RW:  So that space isn’t available.

Mary:  The space is not available. That’s a great way of putting it; the space is not available; it’s being absorbed literally by digital media. We need to make space, make room, for something that is more nourishing, for relationship. So let me just describe the process that I’ve come to over these many years.

RW:  Good.

Mary:  It’s about trying to find this middle way, one tailored for each household. We start by looking at the research about the first six years of life being very important in shaping world view, and at some research about violence. People say, “Well, it doesn’t make me violent.” Well, it makes a very small group of people violent. People who already have issues. Most of us, it makes us fearful. We think the world is like that and we have to be defended against it.
     So we have a very young child who is absorbing this violent imagery, their view of the world is being formed as a fearful place. The amygdala is being affected from a very young age. So we look at the research. Then, we look at the history of when deregulation happened and its effects. We use a number of means to look at that and at the statistics, which indicate that young children use media an average of 24-36 hours a week, depending on whose statistics you read. Then everyone does a personal evaluation, like at conferences with a hundred people in the room. We have personal evaluations so each person looks at their particular situation.

RW:  I see.

MR:  Sometimes that’s the biggest thing for people, just counting how much stuff they have in their house. It’s like, my God! I was giving a workshop for teachers, and one teacher said, “I just realized I have ten televisions in my house!” She had a huge house, a big family and she just hadn’t counted. Sometimes, in the child’s room, there are sheets, curtains, slippers, everything with a theme from media. It’s a total environment.
     So they count everything that is a media device or connected to media; then they look at how they spend their time, then there is a look at it all and then try to look at it in terms of the central relationships in the family, with the parents and children. Then they break up into small exchange groups.

RW:  Okay.

Mary:  There are certain threads that are always there. Fatigue is one of them. We use some basic media literacy techniques to see how media is, itself, affecting some of those threads. Then I have these little magnets I hand out. Each person has one little step they think they can do from what they’ve seen—to shift a little bit toward relationship, toward attention and amelioration. The aim is intentionality. The aim is that you get on top of it, right? That you can get some ownership of your situation; that you can intend to do this one thing and see how it works out. So they write the intention on the magnet and put it on their refrigerator. Then they try to do it.

RW:  Yes.

Mary:  There’s a range to those intentions. I had a pregnant couple who said they were going home and throwing out the television (something I don’t recommend)—but for those first two years, it’s true that the pediatricians recommend no media at all, because of the neurological development—so they were throwing the television out. On the other end, there was a woman who said that the television was going to be on because of her husband-there would be an argument if she confronted him about his constant watching; they were in this small apartment. And she said, “I think he would go for a walk with us every night after dinner.” So that was her intention. It wasn’t about media directly.

RW:  Right.

Mary:  One thing I definitely advise is not to cause conflict, not to go head-on, because what is the child going to see then? So you have to find a way around.

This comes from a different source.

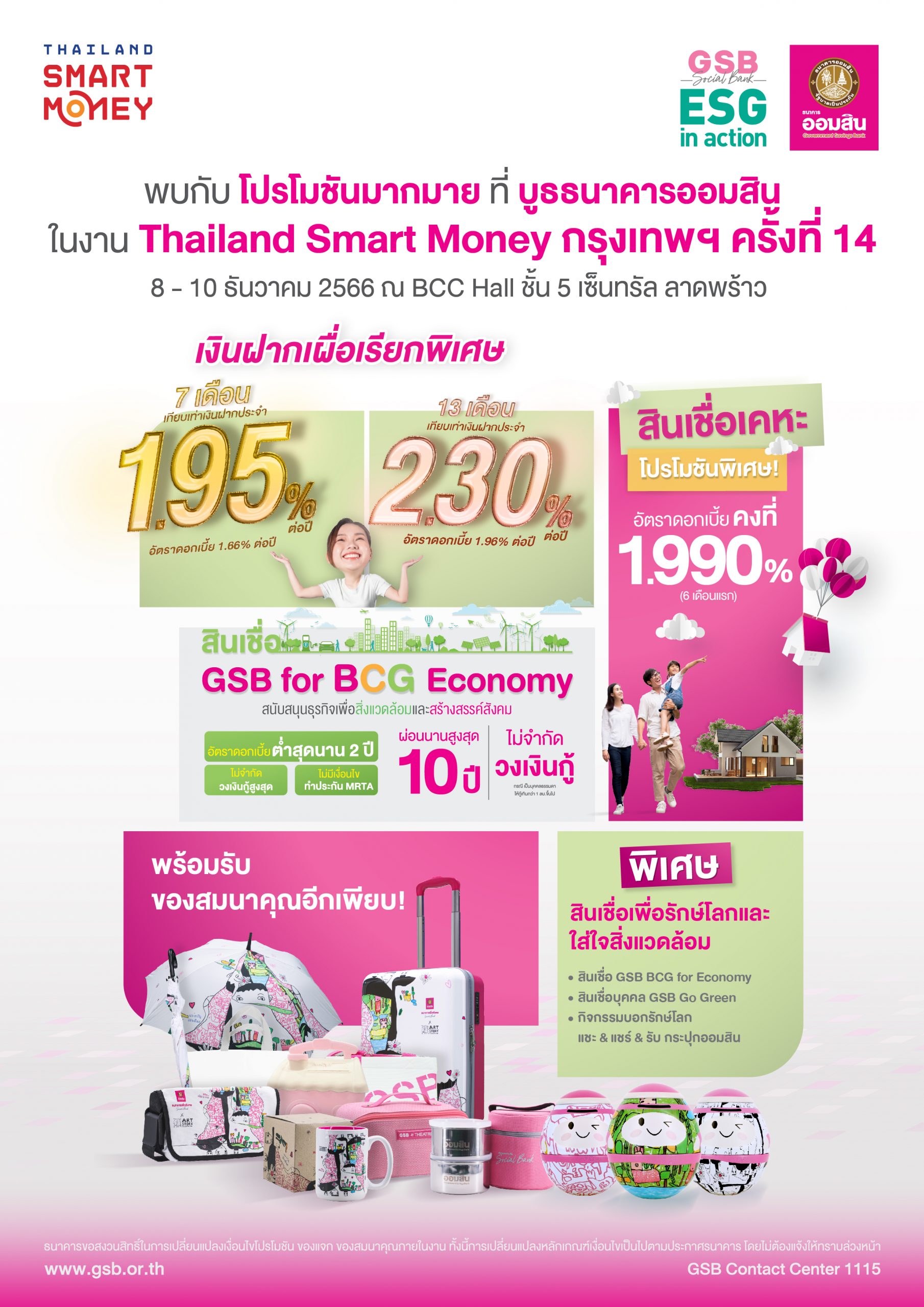ธนาคารออมสิน เข้าร่วมงาน Thailand Smart Money กรุงเทพฯ ครั้งที่ 14 จัดโปรโมชันน่าสนใจเข้าร่วมในงานนี้ ทั้งผลิตภัณฑ์เงินฝากส่งเสริมการออมสำหรับทุกวัย สินเชื่อบ้าน สินเชื่อบุคคล และสินเชื่อรักษ์โลก โดยผลิตภัณฑ์เงินฝากไฮไลท์ ได้แก่ เงินฝากเผื่อเรียกพิเศษ 111 วัน ระยะเวลาฝาก 111 วัน ดอกเบี้ย Step up สูงสุด 21.00% ต่อปี คิดเป็นอัตราดอกเบี้ยเฉลี่ย 4.00% ต่อปี ได้รับยกเว้นภาษี รับฝากเฉพาะบุคคลธรรมดา จำนวน 600 สิทธิ์ เปิดจองสิทธิ์ภายในงานเท่านั้น และ สลากออมสินพิเศษ 2 ปี จัดแคมเปญรอบใหม่ต่อเนื่อง ด้วยการเพิ่มรางวัลพิเศษมูลค่า 50 ล้านบาท 1 รางวัล และยังมีสิทธิ์ถูกรางวัลที่ 1 อีก 30 ล้านบาท รวมเงินรางวัลใหญ่ 80 ล้านบาท สำหรับผู้ฝากทั้งแบบใบสลากและดิจิทัล เริ่มฝากตั้งแต่บัดนี้เป็นต้นไป ถึงวันที่ 31 ม.ค. 2567 กำหนดจับรางวัลวันที่ 1 ก.พ. 2567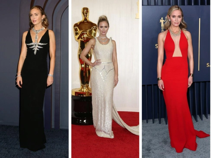 Номинантка на премию «Лучшая актриса второго плана» Эмили Блант, она же экранная супруга Киллиана Мерфи в «Оппенгеймере», излучала абсолютную непринужденность в гламурных платьях на протяжении всего сезона наград. Воссоединившись со своими коллегами по фильму «Дьявол носит Prada» (в частности, с оскароносным дуэтом Мэрил Стрип и Энн Хэтэуэй), чтобы вручить премию SAG Awards, Блант заслужила одобрение своего гардероба в этом сезоне от самой Миранды Пристли.

RW:  That’s interesting to try to find a non-violent path.

Mary:  Yes, a non-violent path. Then you have something to build on. But you have to keep going then.

RW:  When you talk about all this to other adults, are you finding resonance?

Mary:  Yes. Of course, people know they “should” say they are concerned about media and the child. The people who come to my workshops, generally speaking, are halfway to an intentional use already. But the people who are really in need don’t come to workshops because they are so involved or so busy. It’s not that they’re not good parents or trying their best, but they don’t see it as an issue.
     So I do feel resonance from the people who arrive. With other professionals and researchers in the field, there are two divides. One, I visualize as the difference between seeing the child + media in the center of the concern (which assumes media will be there), and the other as seeing just the child in the center and media as one of a constellation of influences. That’s the approach I favor. I don’t buy into the attitude that there’s nothing we can do, no way to avoid media being central to the lives of young children. Another thing is that some organizations take money from the industry; some, like mine, do not.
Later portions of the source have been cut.